Dear Wayne and Wanda,
I'm in my early 30s, and I have never been married. For a while now I have been looking for a serious relationship. I have done a lot of dating and am ready to move forward in life with someone I can make a life with. Because I work a lot, and sometimes have odd hours, I thought online dating would be a good way to find someone.
A few months ago, I met this guy -- we'll call him Jack. Jack is handsome, funny and has a stable job that he seems to like. We laugh a lot when we are together, and he's a good listener and always seems to ask a lot of questions about my day and my job. He seems to really want to get to know me better.
The problem is the sex. It doesn't really happen. I mean, it has happened, but it is not a regular thing. When it does happen it's fine, but I feel like I'm always the one who initiates it. I never really thought about whether I was a really sexual person or not, but I guess I am, because once a week isn't enough.
Why doesn't he want to do it more? Isn't that pretty abnormal for a 30-year-old guy? And how do I bring this up without hurting his feelings?
Sexless and sad
Wanda: Congratulations: You have connected with a man who is destined to be a really good friend. This is not a bad thing. Friendships are important. Friends are people with whom we can laugh, connect and share trust and adventures. The thing that separates our buddies from our bed buddies is, well, the bed. Without the sex, without the intimacy, without the physical affection, you're just spending time with another pal.
Yes, it is abnormal for a 30-year-old guy to come off so lukewarm. And your description of the sex as "fine" -- really, fine? You can do better. If your starting point three months in is occasional sex that's "fine," I hate to sound pessimistic, but it's likely all downhill from here. Intense chemistry will not sprout up overnight, and without an uncomfortable conversation, your established pattern of intimacy likely won't change.
Sex is important in a relationship. In last week's column, we talked about researchers' shared findings on the benefits of a healthy sex life, from a better immune system to less stress to a general level of heightened happiness.
Jack sounds like a nice guy. Do yourselves both a favor and be the one to admit this relationship isn't everything you both need.
Wayne: Wanda is correct in noting the important role that sex and intimacy play in a relationship. But she missed the complexity of this poor women's dilemma: Is she better off (Occasionally) Sexless and Sad ... or Sexless, Sad and Single like she was a few months ago?
You deserve to have it all, of course -- a perfect relationship in which you are emotionally, intellectually, spiritually and physically satisfied at all times.

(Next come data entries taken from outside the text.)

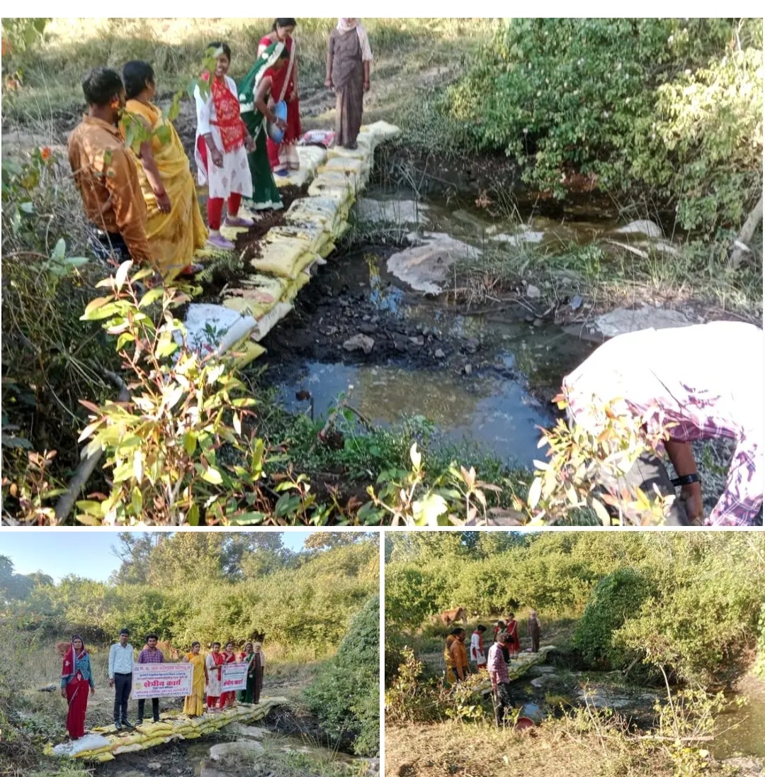 म.प्र. जन अभियान परिषद भोपाल के निर्देशानुसार जिला कलेक्टर श्री हरेंद्र नारायन के मार्गदर्शन में जिला समन्वयक श्री अखिलेश जैन तथा तामिया विकासखंड समन्वयक श्रीमती ललिता कुशरे के नेतृत्व एवं परामर्शदाता श्री महेंद्र यादव की उपस्थिति में जल संचय अभियान के अंतर्गत विकासखण्ड तामिया के सेक्टर क्रंमांक-5 ग्राम पंचायत खिरेटीमाल में चयनित नवांकुर श्री दादाजी जन जाग्रती कल्याण समिति एवं ग्राम विकास प्रस्फुटन समिति के द्वारा बजरंगवली नाला में बोरी बंधान किया गया।
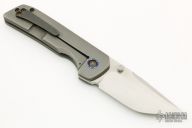 This Chariot by Sam Johnston features a hand rub satin finished blade with dual thumbstud. The handle has a zirconium bolster, carbon fiber scale, timascus pivot collars and backspacer, and a zirconium tip up clip, tumbled titanium liner and frame. Rides on bearings, nice detent, lockup and blade seating. Excellent condition. Comes with a zippered case.
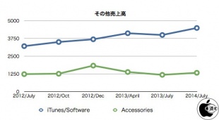 その他のiTunesとソフトウェアの売上は昨年同期よりも12%増となっています。

That's the dream, but it's rarely reality. Relationships take effort, even the great ones, and communication is just as important as intimacy in a relationship's success, if not more so.
That means uncomfortable conversations about sex, religion, families, finances and just about any subject two people can have differences on.
If he's truly great in all those other categories, and you're truly ready for a partnership and long-term relationship, step up and have a sex talk.
Maybe he has some terrible hang-ups, maybe he has a low libido from too many Big Macs, or maybe he's just not into you. You'll never know until you talk to him.
You've worked hard to find a good guy.
Don't throw away a potential partner just because you're worried about making him feel awkward.
If he can't handle the chat, or can't handle sex, you'll know it's time to move on.